SOURCE DATA
☆ ☆ ☆ ☆ ☆
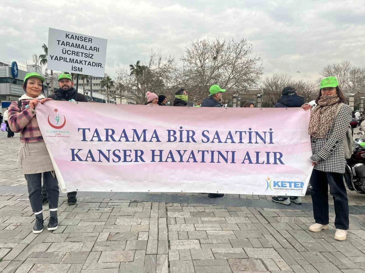 Dünyada kadınlar arasında kanser kaynaklı ölümlerin en sık nedenlerinden biri olan serviks kanserine karşı farkındalık oluşturmak amacıyla bisiklet turu gerçekleştirildi. Etkinlikte, serviks kanserinin simgesi olan yeşil şapkalar takan katılımcılar, Konak Meydanı’ndan başlayarak Gündoğdu Meydanı’na kadar bisiklet sürdü. Etkinlikte, erken tanının hayat kurtarıcı etkisi vurgulandı. "Geçen yıl 192 kadına tanı koyduk"
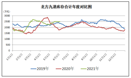 近期,国务院安委办派出多个暗查暗访组对矿山、危化品、消防、工贸等重点行业领域开展安全生产暗查暗访,曝光问题隐患,推动有关地区及部门、企业切实落实安全生产责任、防范化解重大安全风险。主产地安检持续,短期内依靠现有产能增产可能性不大,产量增加还需依靠优质产能释放。陕西榆林已提出对有合理产能核增需求的煤炭企业,尽快完善相关手续,及时上报,市相关部门将会加快优质产能的核增和新建煤矿报批的进度,合法合规释放优质煤炭产能,进一步增大市场供应。主产地煤炭增量释放仍需时日。港口方面,贸易商发货积极性较高,但下游终端询货市场煤意愿不高,仍以大矿长协调运为主,市场价格涨跌两难,高位维稳。北方港库存高位小幅波动,6月4日北方九港库存合计2498.4万吨。
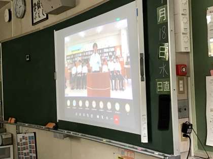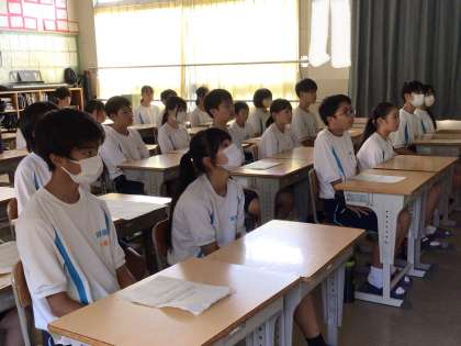 選挙演説を真剣に聞く1年生の様子です。1年生にとっては、中学校での初めての生徒会選挙です。タブレットでスクリーンに映し出される候補者や、諸注意を伝える選挙管理委員が礼をするのに合わせて教室の1年生たちも画面に向かって礼をする姿が微笑ましかったです。
☆ ☆ ☆ ☆ ☆
YOUR GOAL
Copy the listing above in full and exactly, but omit each picture that it holds.

SOLUTION FOR THIS TASK
 Dünyada kadınlar arasında kanser kaynaklı ölümlerin en sık nedenlerinden biri olan serviks kanserine karşı farkındalık oluşturmak amacıyla bisiklet turu gerçekleştirildi. Etkinlikte, serviks kanserinin simgesi olan yeşil şapkalar takan katılımcılar, Konak Meydanı’ndan başlayarak Gündoğdu Meydanı’na kadar bisiklet sürdü. Etkinlikte, erken tanının hayat kurtarıcı etkisi vurgulandı. "Geçen yıl 192 kadına tanı koyduk"
 近期,国务院安委办派出多个暗查暗访组对矿山、危化品、消防、工贸等重点行业领域开展安全生产暗查暗访,曝光问题隐患,推动有关地区及部门、企业切实落实安全生产责任、防范化解重大安全风险。主产地安检持续,短期内依靠现有产能增产可能性不大,产量增加还需依靠优质产能释放。陕西榆林已提出对有合理产能核增需求的煤炭企业,尽快完善相关手续,及时上报,市相关部门将会加快优质产能的核增和新建煤矿报批的进度,合法合规释放优质煤炭产能,进一步增大市场供应。主产地煤炭增量释放仍需时日。港口方面,贸易商发货积极性较高,但下游终端询货市场煤意愿不高,仍以大矿长协调运为主,市场价格涨跌两难,高位维稳。北方港库存高位小幅波动,6月4日北方九港库存合计2498.4万吨。
 選挙演説を真剣に聞く1年生の様子です。1年生にとっては、中学校での初めての生徒会選挙です。タブレットでスクリーンに映し出される候補者や、諸注意を伝える選挙管理委員が礼をするのに合わせて教室の1年生たちも画面に向かって礼をする姿が微笑ましかったです。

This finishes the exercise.